Gannoum também salientou um detalhe importante acerca do investimento: o dinheiro. Até o momento, cada real investido em energia eólica representa um retorno de R$ 2,9 para a economia brasileira. E, somente entre os anos 2011 e 2020, os aportes no setor eólico totalizam US$ 35,8 bilhões.

A iniciativa representou ganhos de R$ 321 bilhões para as finanças brasileiras. Desse total, R$ 110,5 bilhões foram direcionados à construção direta de mais parques eólicos, que, posteriormente, transformam-se em uma renda ainda maior. Segundo a ABEEólica, cada megawatt instalado representa a criação de 10,7 empregos. No intervalo citado, o saldo foi de 190 mil novos postos de trabalho no segmento.

BNDES

Um dos maiores parceiros para o setor, desde 2005, é o Banco Nacional de Desenvolvimento Econômico (BNDES). O banco financiou 130 dos 890 parques instalados do país, totalizando 18.654 MW e R$ 52,170 bilhões, segundo a ABEEólica. As empresas privadas, por sua vez, investiram um capital de R$ 94,4 bilhões.

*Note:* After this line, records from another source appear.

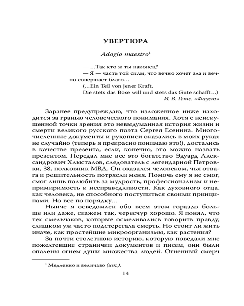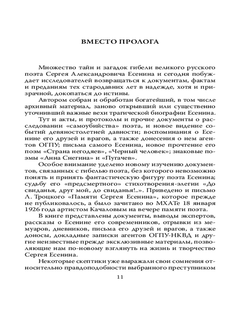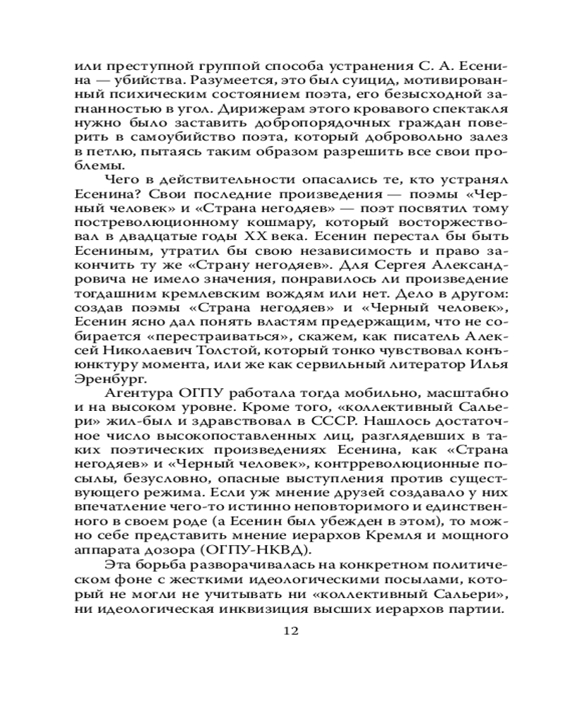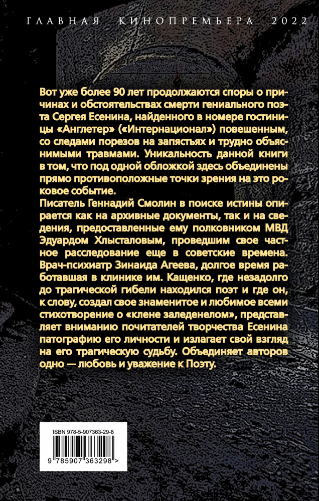 Тайна гибели Сергея Есенина. Дожить до декабряЗинаида Михайловна Агеева, Геннадий Александрович Смолин В данный момент этот товар отсутствует в продаже. Возможно, у нас найдется аналогичный или похожий товар здесь. Серия: Главная кинопремьера года Вот уже более 90 лет продолжаются споры о причинах и обстоятельствах смерти гениального поэта Сергея Есенина, найденного в номере гостиницы «Англетер» («Интернационал») повешенным, со следами порезов на запястьях и трудно объяснимыми травмами. Уникальность данной книги в том, что под одной обложкой здесь объединены прямо противоположные точки зрения на это роковое событие. |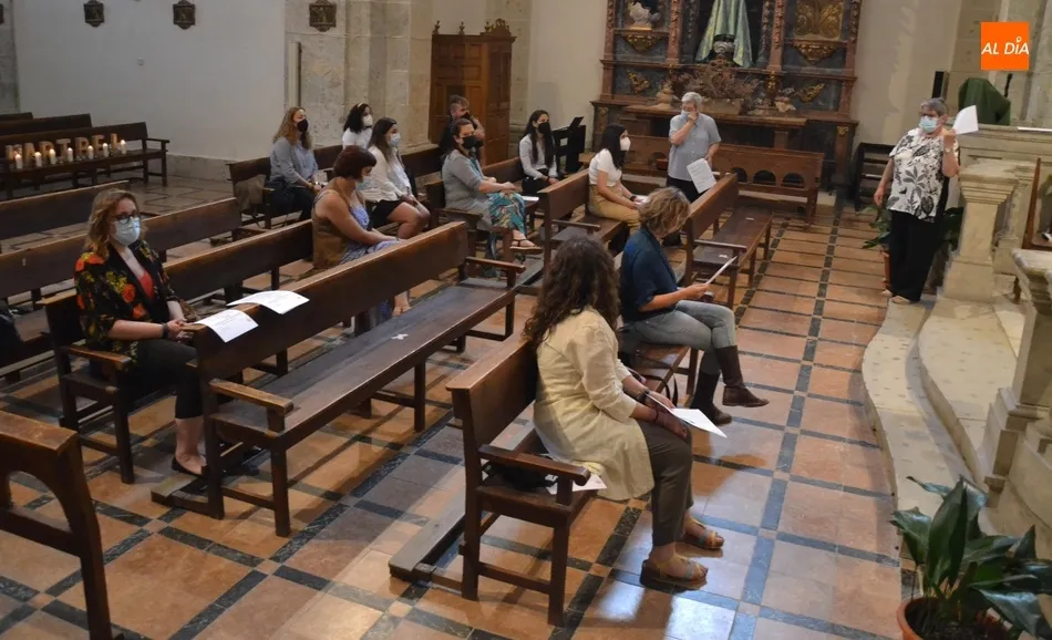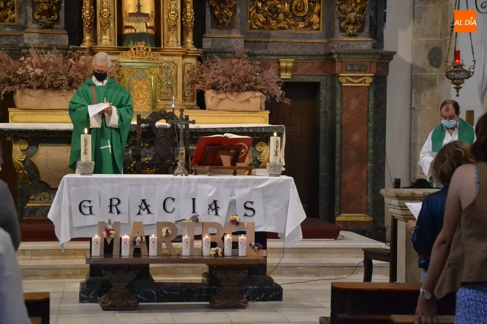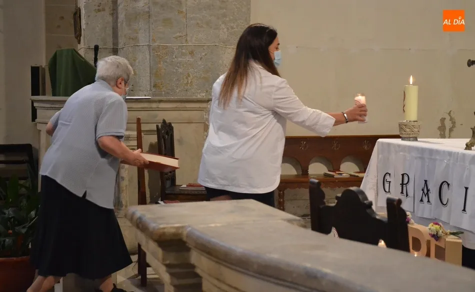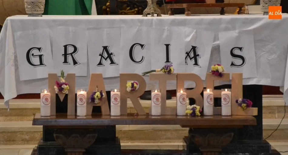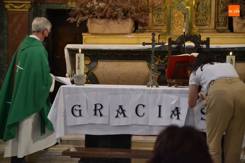 En primer lugar, los miembros de Cáritas se reunieron a última hora de la mañana en las dependencias del Seminario Diocesano, para asistir en su Capilla Mayor a una eucaristía de acción de gracias que fue presidida por Fernando Sánchez Tendero junto a Rafael Caño. Como se puede ver en las imágenes, en el mantel del altar se formó la palabra Gracias con unos folios, y en un banco anexo se colocó a base de letras el nombre de la protagonista, junto a unas velas y unas flores, que fueron acercadas por miembros de la entidad.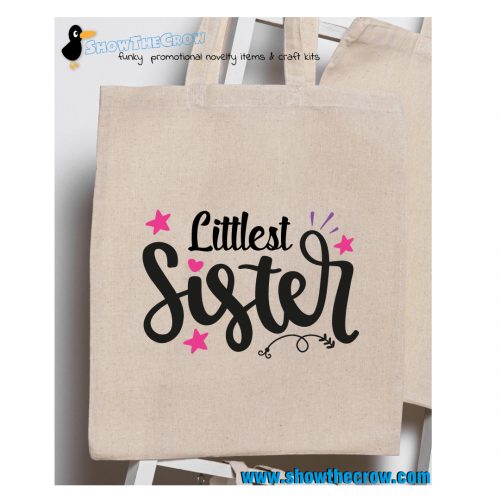 “Littlest Sister” Sister Sibling Family100% Premium Cotton Tote Gift Shoppers Bag

Para os próximos anos, a instituição financeira já anunciou que financiará 69% da construção do Complexo Eólico Umari, no Rio Grande do Norte. O investimento, de R$ 907 milhões, será direcionado a quatro parques eólicos: Ventos de Santa Luzia 11, 12 e 13 e Ventos de Santo Antônio 1. O total previsto para a construção é de R$ 1,3125 bilhão.

Segundo os cálculos, a energia gerada pelo complexo atenderá cerca de 500 mil residências e evitará a emissão de 522 mil toneladas de gás carbônico (CO²) por ano. Estima-se que os parques eólicos entrem em operação em agosto de 2024.